Working from memory, this overshoot is part of the programming when starting from cold, allowing it to warm up in 17 min.


----------



## JahLaza (Mar 18, 2021)

Yes, in my experience with it, it always does it from cold and if you turn it off during the day and back on an hour or two later for example it just re heats up to set temp and no over shoot. That's why I was surprised it didn't overshoot as normal after a 3 week hiatus! Then wondered if it was to do with me running water through the group before temp realised. Anyway, just curious!


----------



## DavecUK (Aug 6, 2013)

JahLaza said:


> Then wondered if it was to do with me running water through the group before temp realised. Anyway, just curious!


 Probably


----------



## JahLaza (Mar 18, 2021)

DavecUK said:


> Probably


 Any risk of damage doing this or should one really wait until all settled to run water through the group? Note the reason I did was to refresh the brew boiler water after a period of non use and had emptied the steam boiler so might as well do both


----------



## DavecUK (Aug 6, 2013)

JahLaza said:


> Any risk of damage doing this or should one really wait until all settled to run water through the group? Note the reason I did was to refresh the brew boiler water after a period of non use and had emptied the steam boiler so might as well do both


 I'd wait...it's only 17 minutes...let it at least have it's fun once a day.

Oh it's the one machine you actually can use for hot water if you want (because of the way it works)..... Normally I warn against it, even if you have RO water....but if you do have very good water that won't scale or leave residues, you can use it for hot water.


----------



## 3timesaday (Nov 11, 2021)

Thanks for useful info!


----------



## Ozzy (Dec 1, 2021)

JahLaza said:


> Yes, in my experience with it, it always does it from cold and if you turn it off during the day and back on an hour or two later for example it just re heats up to set temp and no over shoot. That's why I was surprised it didn't overshoot as normal after a 3 week hiatus! Then wondered if it was to do with me running water through the group before temp realised. Anyway, just curious!

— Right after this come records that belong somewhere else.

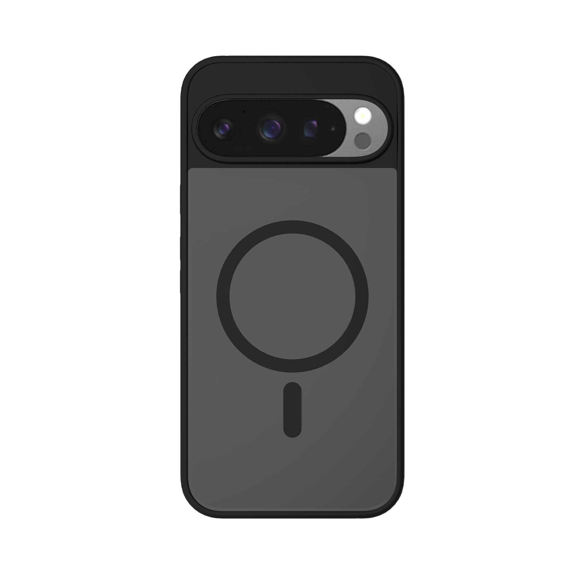 Hybrid case with magnetic ring for Google Pixel 9 Pro XL from Mobique. The case features a sleek frosted finish and is equipped with a magnetic ring on the back. The ring allows seamless compatibility with MagSafe accessories such as chargers and card holders.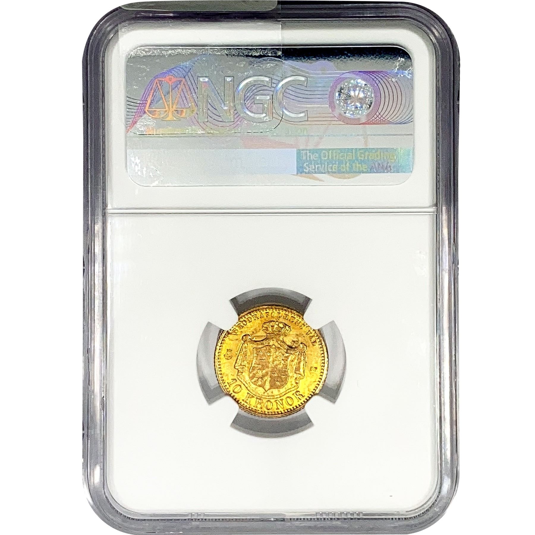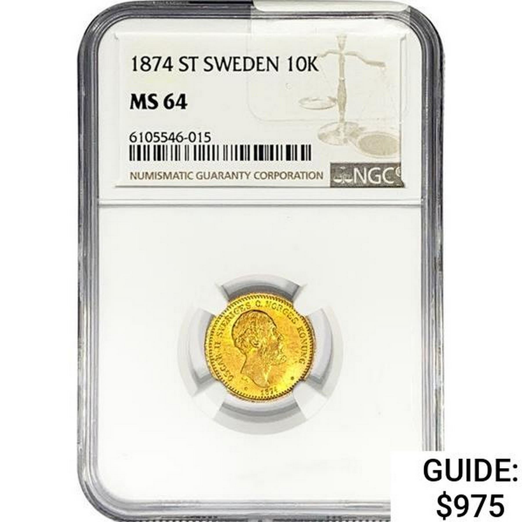 1874 .1296oz. Gold ST Sweden 10 Kroner NGC MS64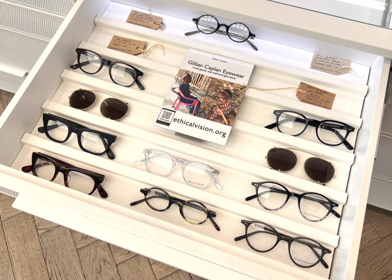 The charity is supported in several ways: Ethical Vision sells its own range of eyewear either online or in person at selected independent opticians, including here in our King’s Road practice.

 Same thing here with my Lelit Elizabeth. When I asked this to the dealer here in Canada they told me that it can be a faulty probe so I had to ship the machine to them which was frustrating! after two weeks, they told me that the machine needs to be replaced as there was a boiler damage probably caused during the shipping and they sent me a replacement and it took another 2 weeks to receive that machine.

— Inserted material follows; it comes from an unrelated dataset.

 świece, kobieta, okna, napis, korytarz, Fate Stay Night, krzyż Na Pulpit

After a frustrating month without the espresso machine I was hoping to see this temperature overshoot issue has been fixed, but no luck there! Same thing is present with the replacement machine and there is more! This one has another weird issue where you program button 1 through LCC it actually programs button 2 and vice versa! I am truly shocked with the lack of quality control with those Lelit espresso machines. Moreover, I don't know if it is normal but there is a weird smell coming from the inside of machine when it heats up. It is like the smell that is usually present with the cheap knockoff electronic devices like cell phone chargers. I am not sure if this is normal or something is causing excessive heat inside and I really don't know what do to next with this machine because it is really frustrating to have a $2k machine with that much QC issues!


----------